Given information:
- - - - -

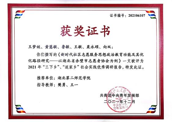 本网讯(通讯员 鲁敏)近日,共青团中央公布了2021年全国大学生“三下乡”“返家乡”社会实践优秀调研报告评选结果,马克思主义学院思想政治教育专业的王梦姣、黄慧敏、鲁敏、王敏、向双、粟永硕等同学共同撰写的社会实践调研报告《新时代社区志愿服务思想政治教育功能及其优化路径研究——以湖北省赤壁市志愿者协会为例》获评全国优秀调研报告。
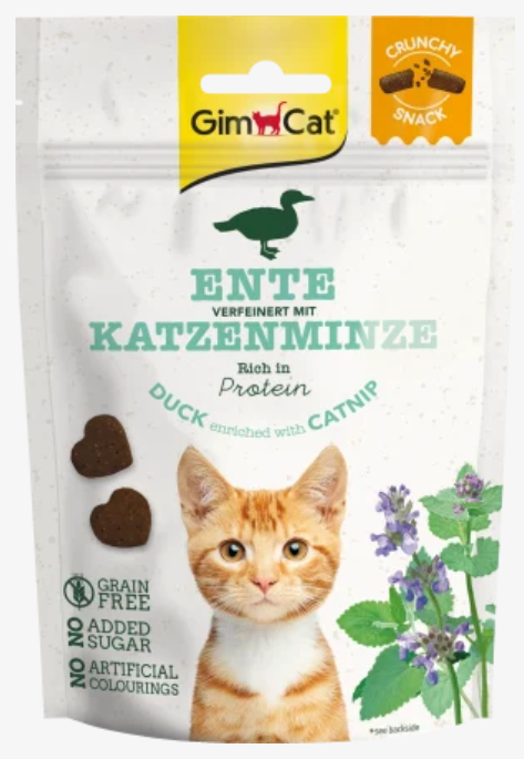 Skład: Mięso i produkty uboczne pochodzenia zwierzęcego (białko kaczki 38,8%), warzywa, produkty uboczne pochodzenia roślinnego, oleje i tłuszcze, kocimiętka, suszona (1,0%).
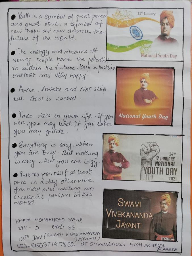 National Youth Day (Yuva Diwas) The Birth Anniversary of Swami Vivekanand was celebrated on 12th Jan.22 by the Scouts of St Stanislaus High school
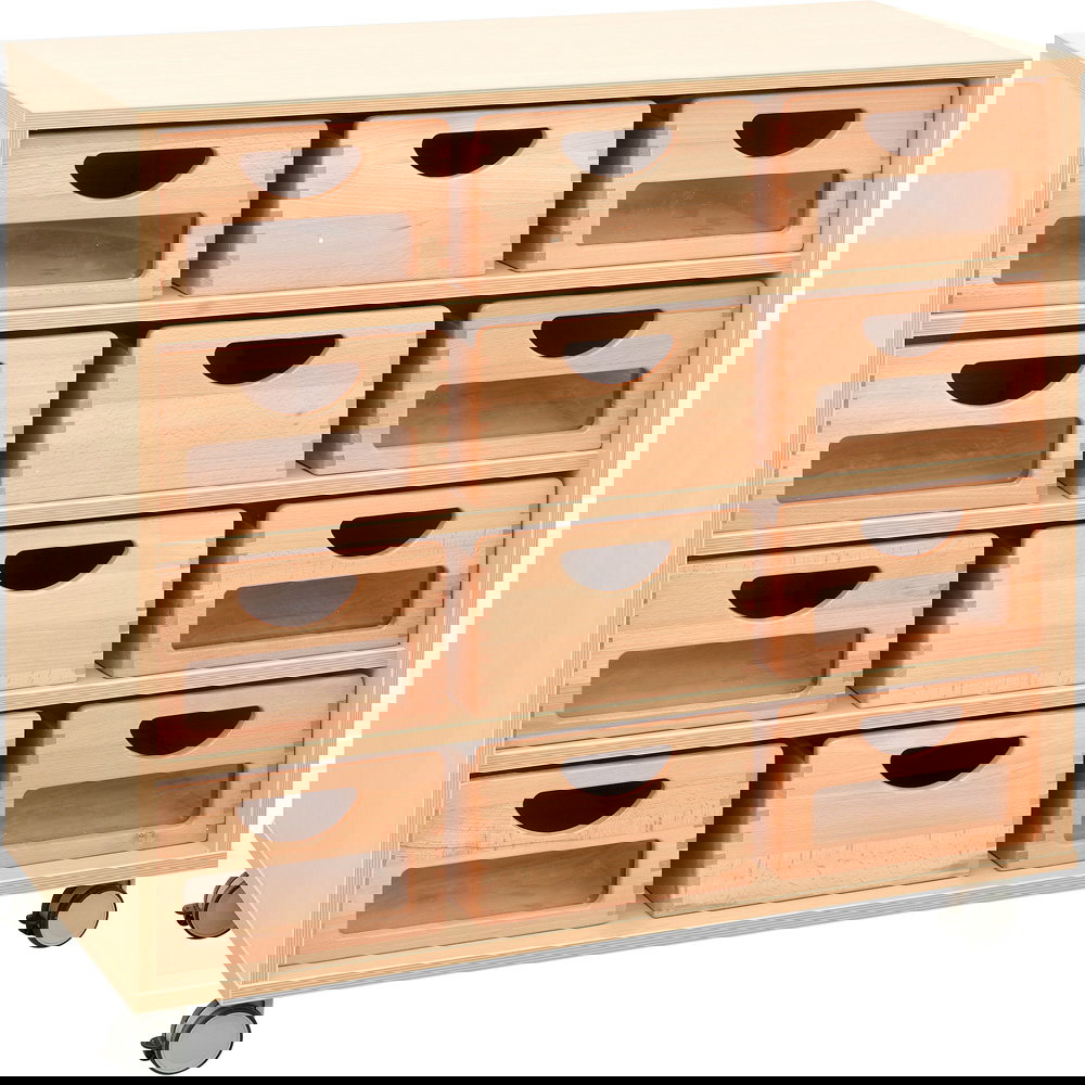 Dieses Set kombiniert den bewährten, mittelhohen Flexi-Korpus mit der Freiheit von vier robusten Rollen und einem umfangreichen Satz an Ordnungshüfern. Im Lieferumfang sind zwölf passgenaue Holzbehälter enthalten: Acht davon verfügen über ein praktisches Sichtfenster, vier sind klassisch geschlossen. Diese durchdachte Mischung ermöglicht es Erziehern und Kindern, ein intuitives Ordnungssystem zu etablieren. Materialien, die inspirieren sollen, bleiben sichtbar, während kleinteiliges Zubehör ruhig und unsichtbar verstaut wird. Das harmonische Zusammenspiel von hellem Birke-Dekor und naturbelassenem Buchenholz der Kästen schafft dabei eine warme, förderliche Atmosphäre.

- - - - -

Task brief:
Nothing but an exact copy of the data above, minus its pictures, should appear in the response.

Output for this exercise:
 本网讯(通讯员 鲁敏)近日,共青团中央公布了2021年全国大学生“三下乡”“返家乡”社会实践优秀调研报告评选结果,马克思主义学院思想政治教育专业的王梦姣、黄慧敏、鲁敏、王敏、向双、粟永硕等同学共同撰写的社会实践调研报告《新时代社区志愿服务思想政治教育功能及其优化路径研究——以湖北省赤壁市志愿者协会为例》获评全国优秀调研报告。
 Skład: Mięso i produkty uboczne pochodzenia zwierzęcego (białko kaczki 38,8%), warzywa, produkty uboczne pochodzenia roślinnego, oleje i tłuszcze, kocimiętka, suszona (1,0%).
 National Youth Day (Yuva Diwas) The Birth Anniversary of Swami Vivekanand was celebrated on 12th Jan.22 by the Scouts of St Stanislaus High school
 Dieses Set kombiniert den bewährten, mittelhohen Flexi-Korpus mit der Freiheit von vier robusten Rollen und einem umfangreichen Satz an Ordnungshüfern. Im Lieferumfang sind zwölf passgenaue Holzbehälter enthalten: Acht davon verfügen über ein praktisches Sichtfenster, vier sind klassisch geschlossen. Diese durchdachte Mischung ermöglicht es Erziehern und Kindern, ein intuitives Ordnungssystem zu etablieren. Materialien, die inspirieren sollen, bleiben sichtbar, während kleinteiliges Zubehör ruhig und unsichtbar verstaut wird. Das harmonische Zusammenspiel von hellem Birke-Dekor und naturbelassenem Buchenholz der Kästen schafft dabei eine warme, förderliche Atmosphäre.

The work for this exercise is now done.